Heller, R., Heller, Y., Kaufman S., Brill B, & Gorfine, M. (2016). Consistent Distribution-Free K-Sample and Independence Tests for Univariate Random Variables, JMLR 17(29):1-54
\url{https://www.jmlr.org/papers/volume17/14-441/14-441.pdf}

Brill B. (2016) Scalable Non-Parametric Tests of Independence (master's thesis)
\url{http://primage.tau.ac.il/libraries/theses/exeng/free/2899741.pdf}

}

\author{
  Barak Brill and Shachar Kaufman.
}



\examples{
\dontrun{
#Two groups, each from a different normal mixture:
N0=30
N1=30
X = c(c(rnorm(N0/2,-2,0.7),rnorm(N0/2,2,0.7)),c(rnorm(N1/2,-1.5,0.5),rnorm(N1/2,1.5,0.5)))
Y = (c(rep(0,N0),rep(1,N1)))
plot(Y,X)

#I) Perform MinP & Fisher Tests - without existing null tables.
#Null tables are generated by the test function.

results = hhg.univariate.ks.combined.test(X,Y,nr.perm = 100)
results


#The null table can then be accessed.
generated.null.table = results$generated_null_table


#II)Perform MinP & Fisher Tests - with existing null tables. 
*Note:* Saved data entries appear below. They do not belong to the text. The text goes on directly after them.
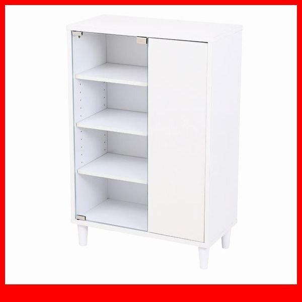 キャビネット★新品/Adatto ガラス&扉/本棚 食器棚 ディスプレイラック 多目的収納 可動棚/人気の白家具 ホワイト/a3 收藏
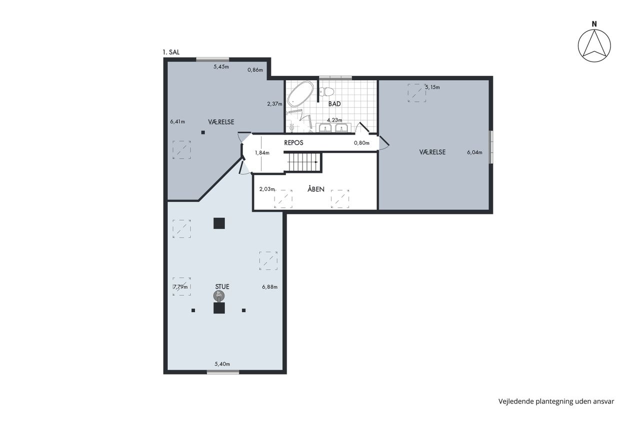 1. sal indeholder iøvrigt en skøn stue og 2 store værelser med smukke synlige hanebånd, der tilføjer
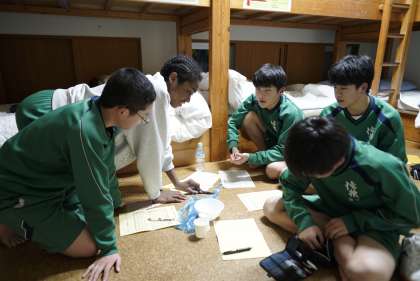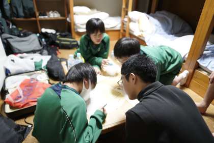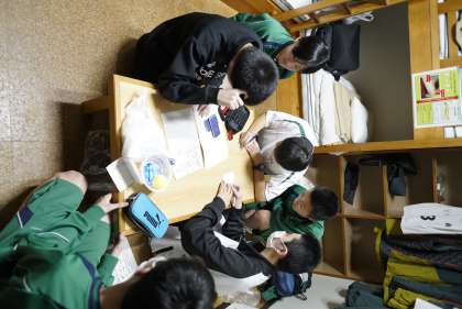 食事と入浴を終えて、班別レクリエーションをしています。各部屋ごとに楽しそうな声が聞こえてきます。賑やかだった談話コーナーから人がいなくなり、部屋の友達同士での交流を深めています。班別レクスタッフが準備してくれた課題に対し、みんなで話し合う姿です。
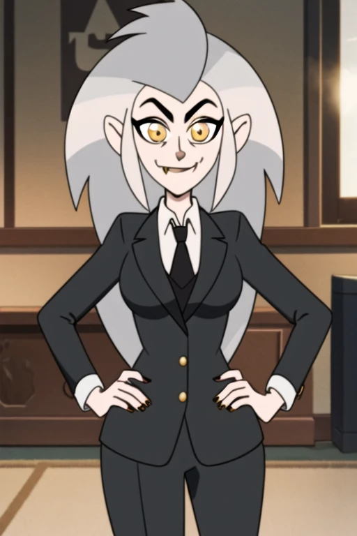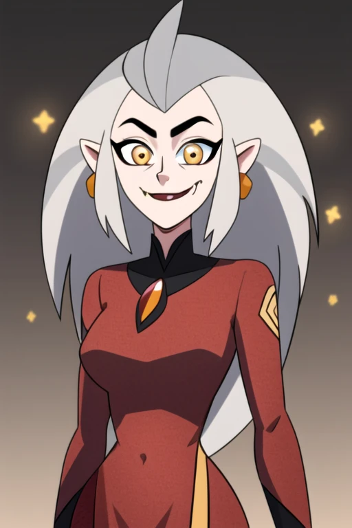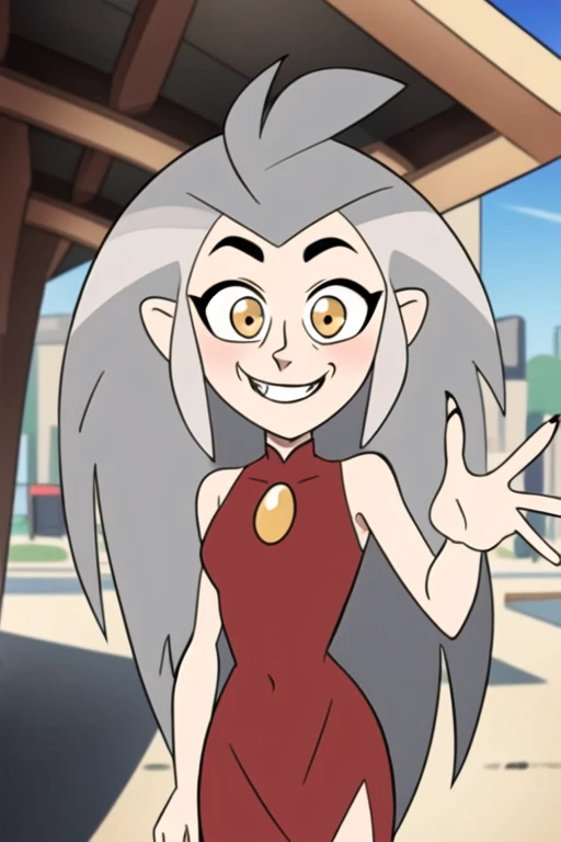 1girl, yellow eyes, grey hair, long hair, smile, red dress, jewelry, pale skin, fangWould you like to have a model of a character? Contact me; I can assist you
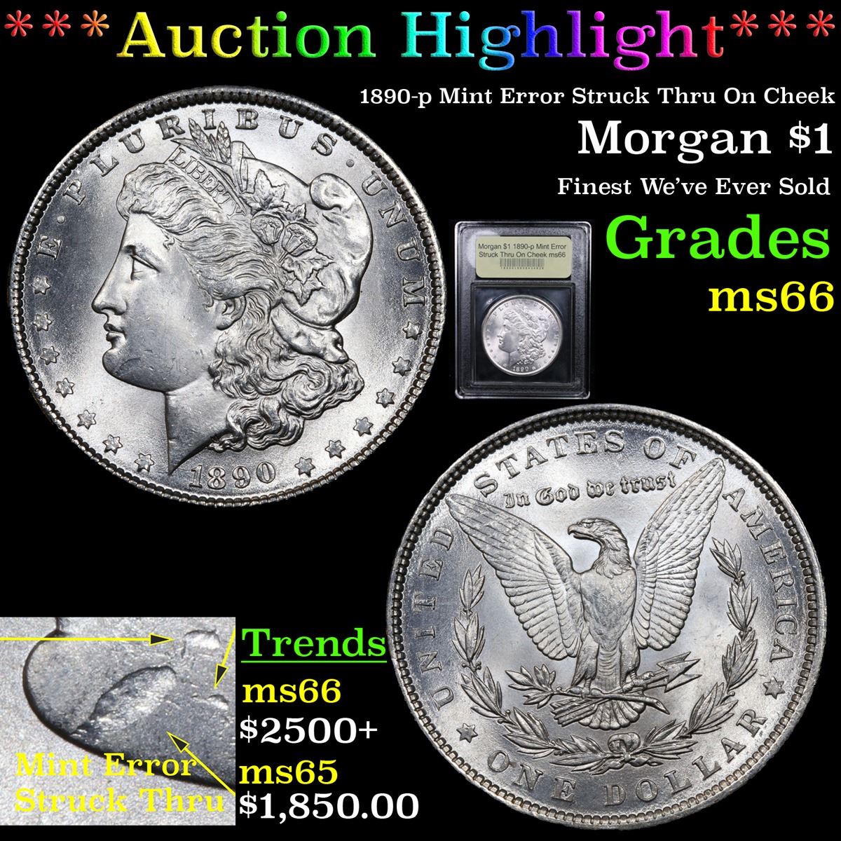 *Auction Highlight* 1890-p Mint Error Struck Thru On Cheek Finest We've Ever Sold . Morgan Dollar $1 Graded GEM+ Unc By USCG. A Corey's Pick, Bid to Win, Don't let it get Away, you might not find its equal Coin. I give this coin my highest recommendation

#null table for aggregation by summation: 
sum.nulltable = hhg.univariate.ks.nulltable(c(N0,N1), nr.replicates=1000) 

MinP.Sm.existing.null.table = hhg.univariate.ks.combined.test(X,Y,
NullTable = sum.nulltable)

#Results
MinP.Sm.existing.null.table

# combined test can also be performed by using the test statistic.
Sm.statistic = hhg.univariate.ks.stat(X,Y)
MinP.using.statistic = hhg.univariate.ks.combined.test(Sm.statistic,
NullTable = sum.nulltable)
# same result as above
MinP.using.statistic$MinP.pvalue

#null table for aggregation by maximization: 
max.nulltable = hhg.univariate.ks.nulltable(c(N0,N1), aggregation.type = 'max', 
  score.type='LikelihoodRatio', mmin = 2, mmax = 10, nr.replicates = 100)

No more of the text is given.